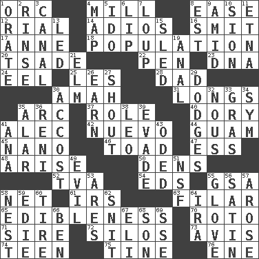 ACROSS 1. The grampus (Milton) 4. Place where flour is made 8. Comfort 12. Monetary unit of Yemen 14. Goodbye (Sp.) 16. Stricken, poetically 17. Singer Murray 18. Census information 20. Sadhe (variant) 22. Animal enclosure 23. Heredity factor (abbr.) 24. Snakelike fish 25. French article 28. June honoree 30. Nanny 31. Yearns 35. Curve 37. Hero or heavy, e.g. 40. Rowboat 41. Actor Baldwin 42. New (sp.) 44. Island territory of the United States 45. Billionth: prefix 46. Frog relative 47. Curvy letter 48. Ascend 50. Habitations of wild animals 52. Federal power corp. 54. Begley and Asner 55. Girls' org. (abbr.) 58. Fish or hair follower 61. Big collection agency 63. Having threads 65. The property of being fit to eat 70. Printing process, for short 71. Male parent of an animal 72. Grain storage towers 73. Opinion 74. Adolescent 75. Prong on a fork 76. Compass dir. DOWN 1. Speak pompously 2. Remove soap 3. Lessep's creation 4. Atlas unit 5. Wedding promise 6. Mouth edge 7. Central Nebraska county 8. Eastern Standard Time (abbr.) 9. Among 10. The Jewish people; Israel 11. Inactive volcano in Sicily 13. Directed 15. Downhill vehicle 19. Of or related to the anus 21. Shade tree 26. Merit 27. Yell 29. Evades 30. Buttonhole 32. Horse sense 33. Pate de foie ____ 34. Symbol (abbr.) 35. Having or resembling wings 36. Painter Guido (1575-1642) 38. Lion 39. Dodge 41. Santa ___, CA 43. Wrote a lyric poem 49. Tending to cause great harm 51. Overdraft (abbr.) 53. Ancient Greek god of war 55. Michael Jackson trademark 56. Smooth fabric 57. Came up 58. Egg locale 59. Singer Brickell 60. Become fatigued 62. In a ____ (agitated or irritated) 64. Lyricist Gershwin 66. Benjamin's nick name 67. Biblical high priest 68. Male offspring 69. Compass dir.
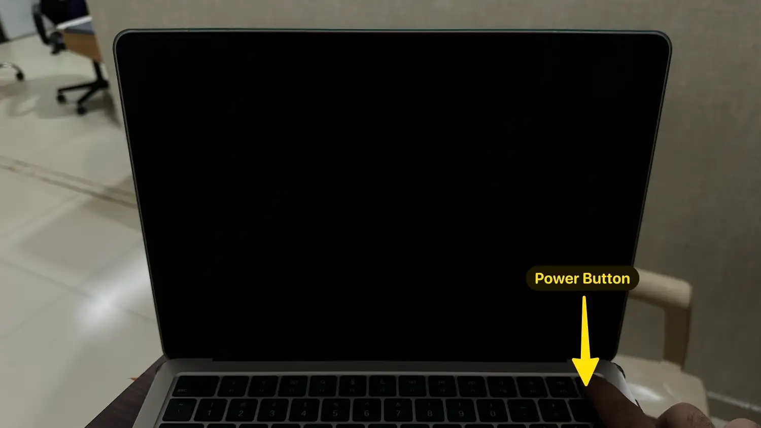 - For Apple Silicon: Hold the Power button until the startup volume appears.
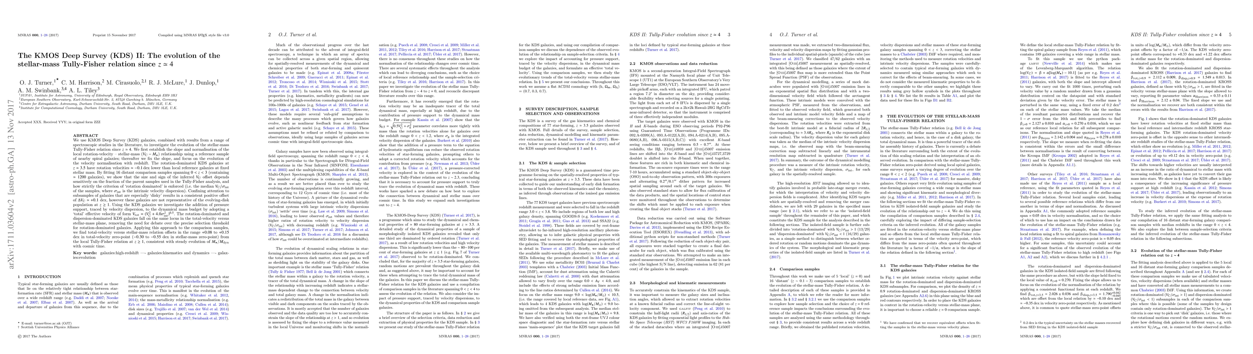 The KMOS Deep Survey (KDS) II investigates the evolution of the stellar-mass Tully-Fisher relation from z ~ 4 to the present. The study finds that galaxies at z ~ 3.5 have rotation velocities ~ -0.1 dex lower than local galaxies at fixed stellar mass, indicating a steady evolution in the ratio of dynamical to stellar mass over cosmic time.
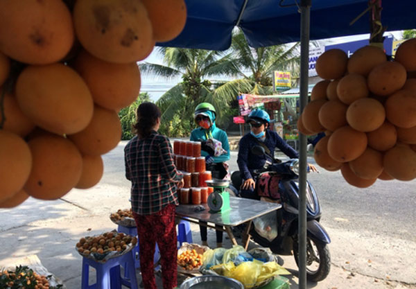 Từ tết đến nay, đi dọc đường dẫn lên cầu Cần Thơ, người lưu thông dễ bắt gặp những sắc trái vàng, xanh, tím dọc các lều ven lộ. Đó là trái thanh trà, mận xanh đường, vú sữa các loại người dân sở tại bán cho khách ngược xuôi.
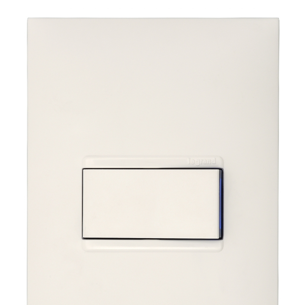Possui um visor lateral azul para trazer tecnologia e modernidade, sendo marca registrada da Legrand.
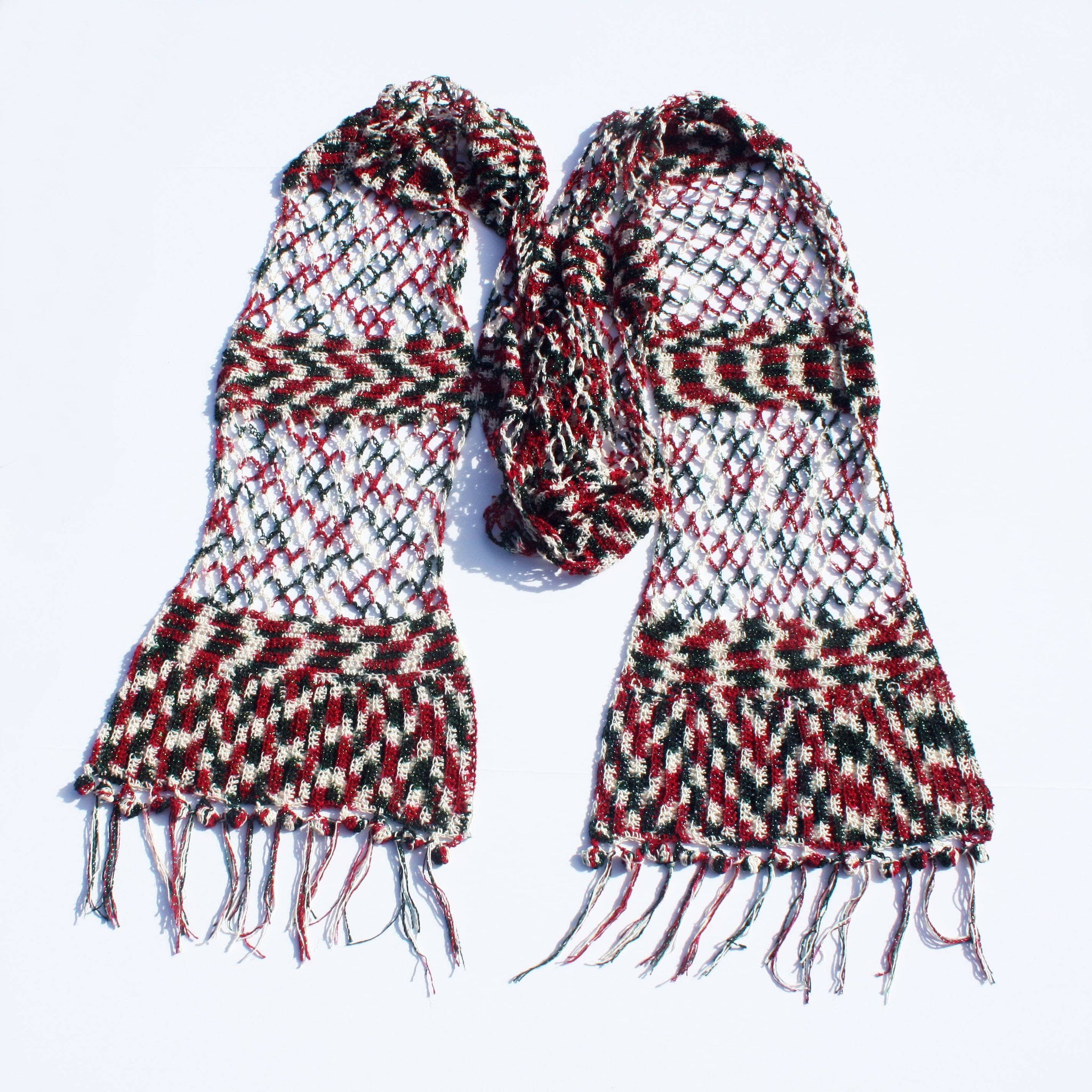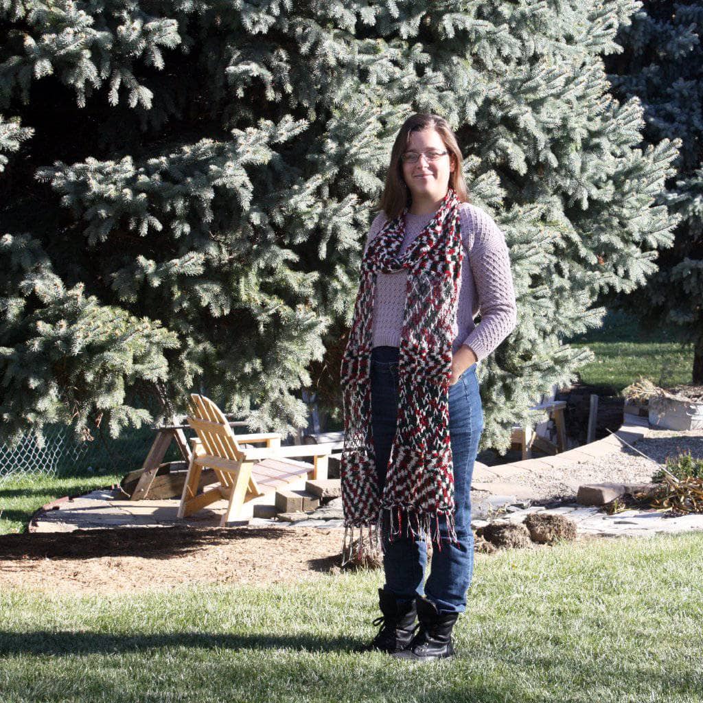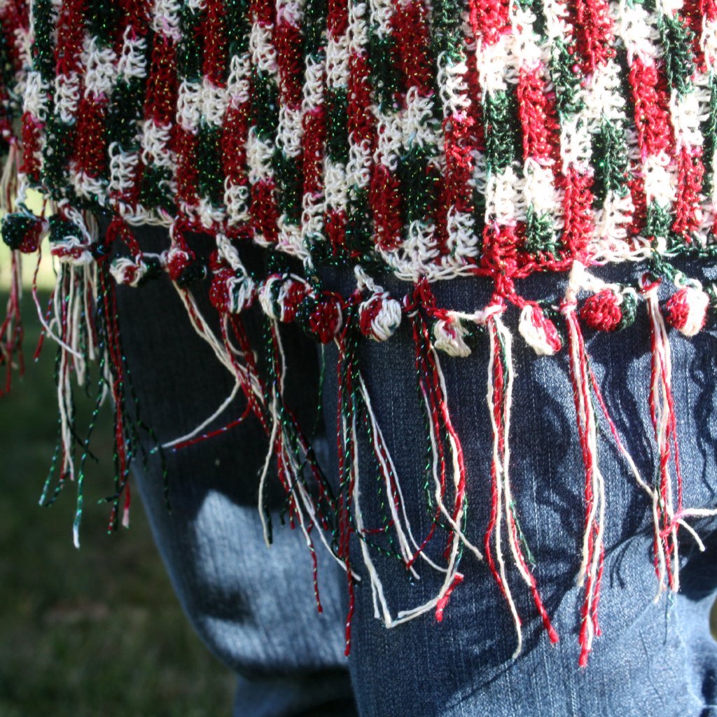 This pattern creates a classic scarf with excellent drape and a fun bobble edging. Wear this long scarf a variety of ways to add holiday vibes to any outfit.
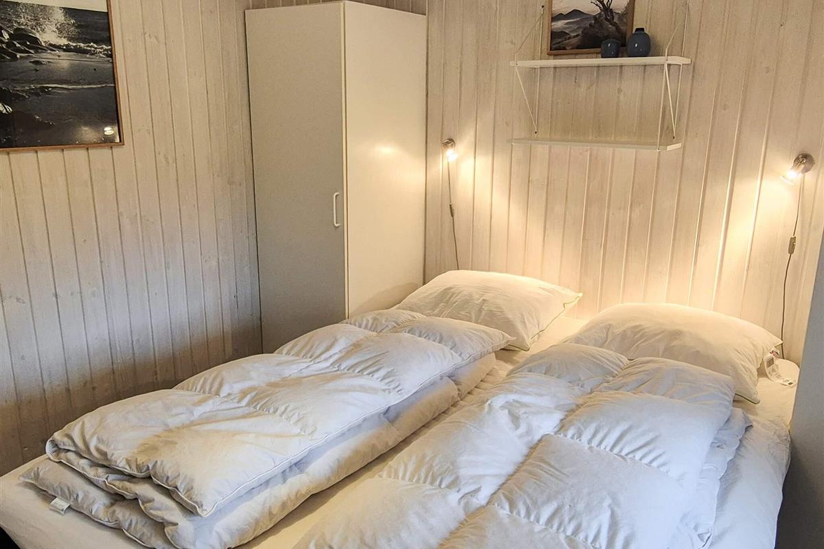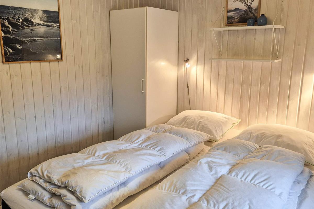 Das Herzstück des Hauses ist der offene Küchen- und Wohnbereich mit Essbereich und gemütlicher Sitzecke. Ein Holzofen sorgt an kühleren Abenden für Wärme und Charme, während große Fenster und der direkte Zugang zur geräumigen Terrasse für viel Tageslicht sorgen. Das Haus verfügt über drei komfortable Schlafzimmer und eine Schlafnische im Wohnzimmer – ein beliebter Ort für Kinder, die ihre eigene gemütliche Ecke genießen möchten. Das Badezimmer verfügt über Fußbodenheizung, Whirlpool und Sauna – ideal zum Entspannen nach einem Tag im Freien.
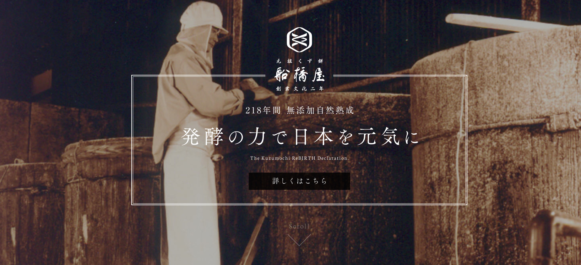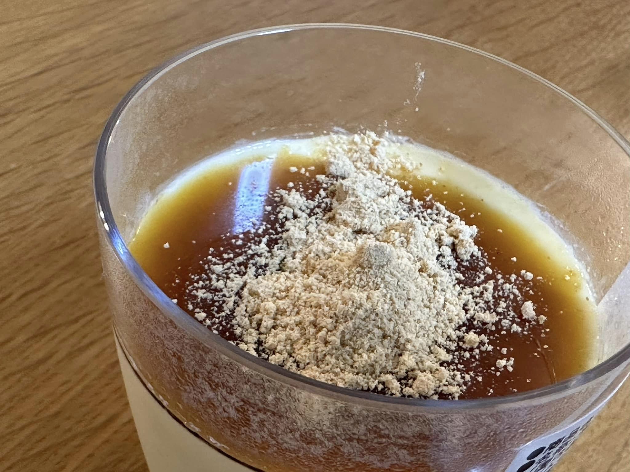 「葛餅的原材料是發酵小麥澱粉。小麥澱粉需要長達15個月的發酵和成熟時間。完成後,在布丁的製作過程中放進這種澱粉,等於是要花上450天的時間和精力才能做出葛餅布丁。最後再搭配船橋屋秘製的黑糖蜜,芬芳的黃豆粉,創造出完美交織的平衡口感。」
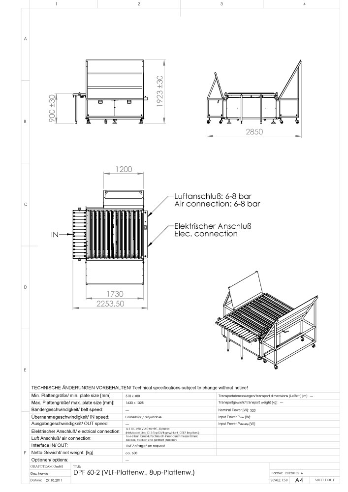 DPF 60-2/4/6, max. plate size 1700 x 1400 mm*
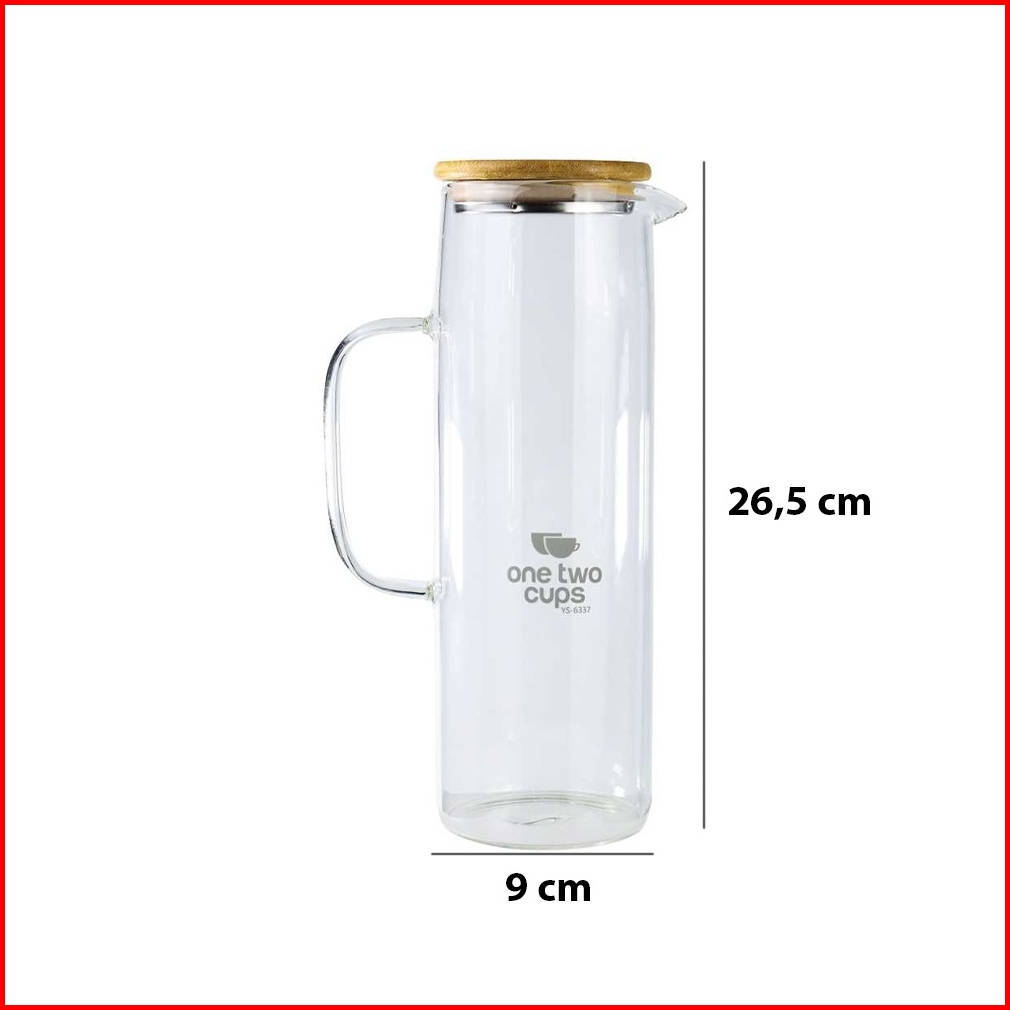 Teko Pitcher Jug Kaca Tahan Panas Dengan Tutup Kayu Teko Tempat Minuman Bahan Kaca Tahan Panas
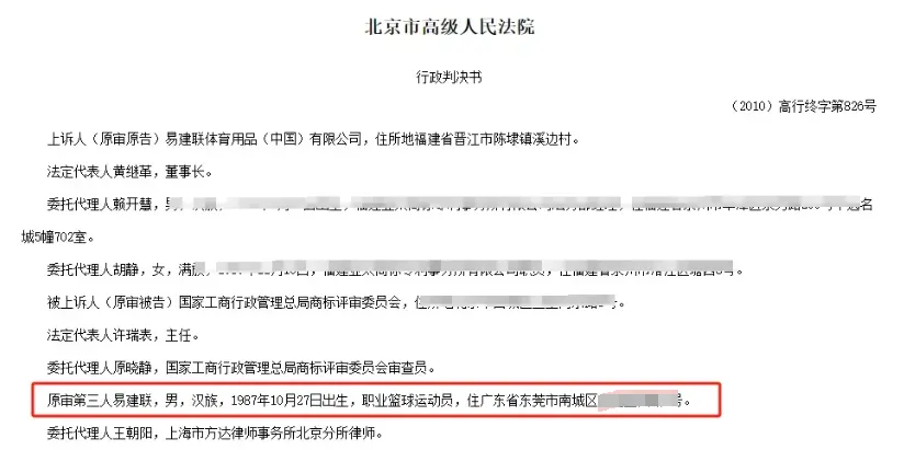 但是,根據中國裁判文書網曾經披露的,易建聯曾涉及的一份行政判決書。
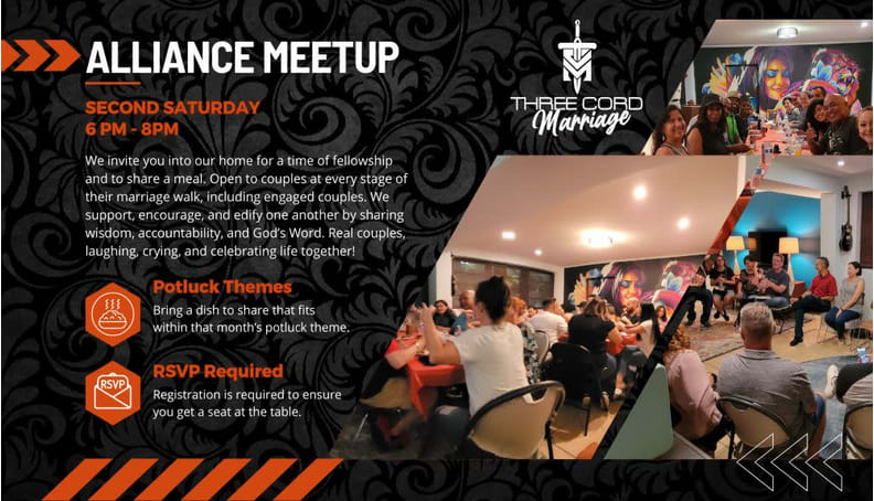 Mark your calendar for the second Saturday of every month and step into a powerful community designed to help you thrive in your marriage. Whether you're engaged, newly married, or have been together for decades, the TCM Alliance Meetup is where couples unite to strengthen their bond, deepen their faith, and grow through life’s challenges—together.
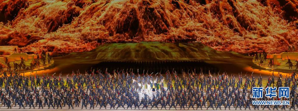 6月28日晚,慶祝中國共產黨成立100周年文藝演出《偉大征程》在北京國家體育場盛大舉行。這是情景大合唱《怒吼吧 黃河》。
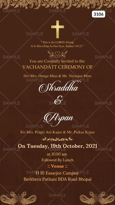 The minimalistic Theme of the Vachandatt Ceremony digital invitation Editable Canva Template is a brown background color. This e-invite editable template is for catholic family and it's available in English language. It includes elements such as the Christian cross symbol, vintage peacock, and flower pattern. This card design can be customized online for free in Canva, and you can edit the couple's name, function name, date, time, venue, and regards. You can also share your card easily via WhatsApp or email.
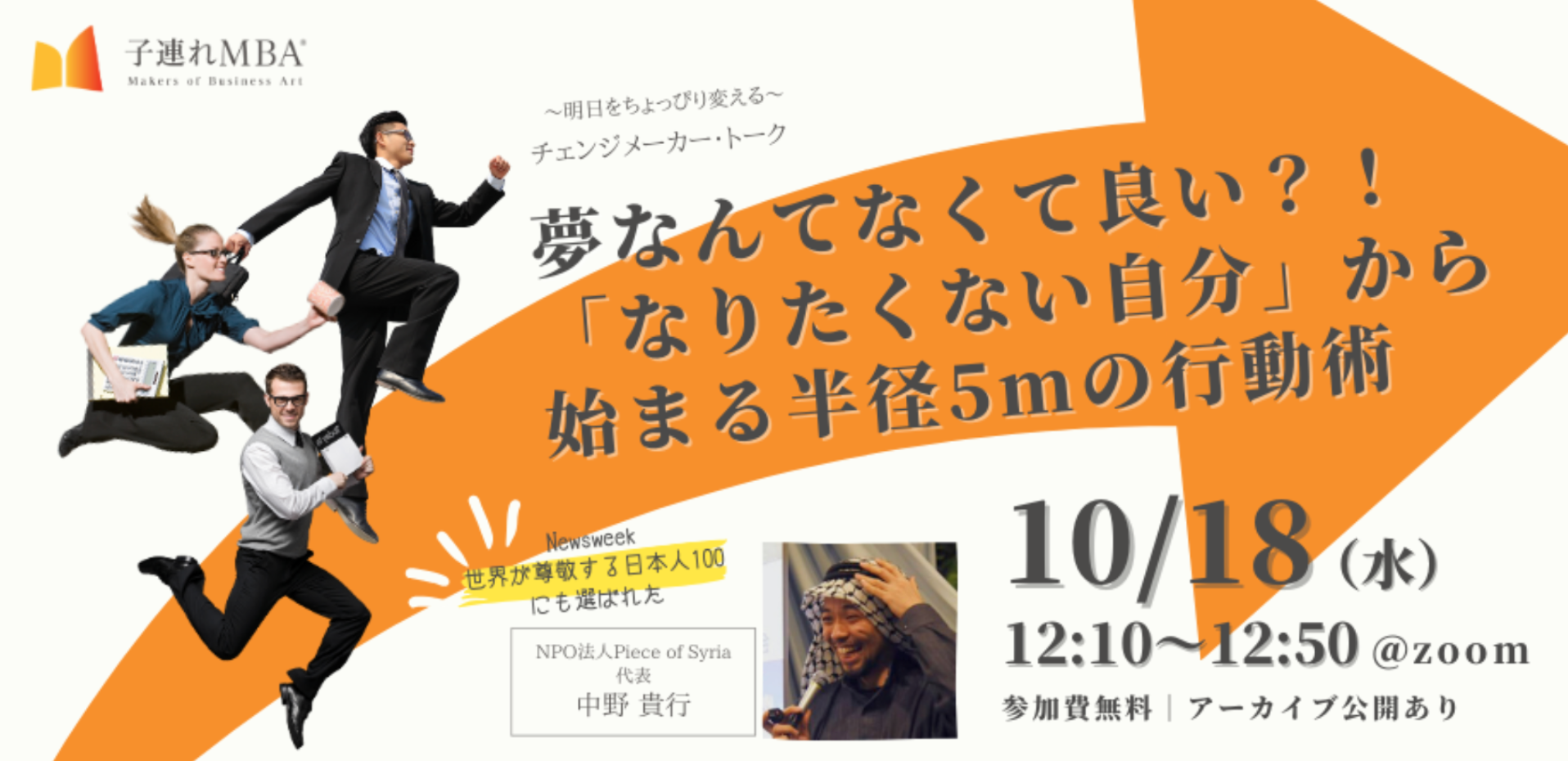 「夢なんてなくて良い?!『なりたくなる自分』から始まる半径5mの行動術」を、子育て世代を応援したいと願うPiece of Syria代表 中野貴行がお話しします。

[WORK REQUIRED]
Word for word, copy the lines from the one with "但是,根據中國裁判文書網曾經披露的,易建聯曾涉及的一份行政判決書。" through the end of the entries above, and do not include any picture.

[WRITTEN REPLY]
 但是,根據中國裁判文書網曾經披露的,易建聯曾涉及的一份行政判決書。
 Mark your calendar for the second Saturday of every month and step into a powerful community designed to help you thrive in your marriage. Whether you're engaged, newly married, or have been together for decades, the TCM Alliance Meetup is where couples unite to strengthen their bond, deepen their faith, and grow through life’s challenges—together.
 6月28日晚,慶祝中國共產黨成立100周年文藝演出《偉大征程》在北京國家體育場盛大舉行。這是情景大合唱《怒吼吧 黃河》。
 The minimalistic Theme of the Vachandatt Ceremony digital invitation Editable Canva Template is a brown background color. This e-invite editable template is for catholic family and it's available in English language. It includes elements such as the Christian cross symbol, vintage peacock, and flower pattern. This card design can be customized online for free in Canva, and you can edit the couple's name, function name, date, time, venue, and regards. You can also share your card easily via WhatsApp or email.
 「夢なんてなくて良い?!『なりたくなる自分』から始まる半径5mの行動術」を、子育て世代を応援したいと願うPiece of Syria代表 中野貴行がお話しします。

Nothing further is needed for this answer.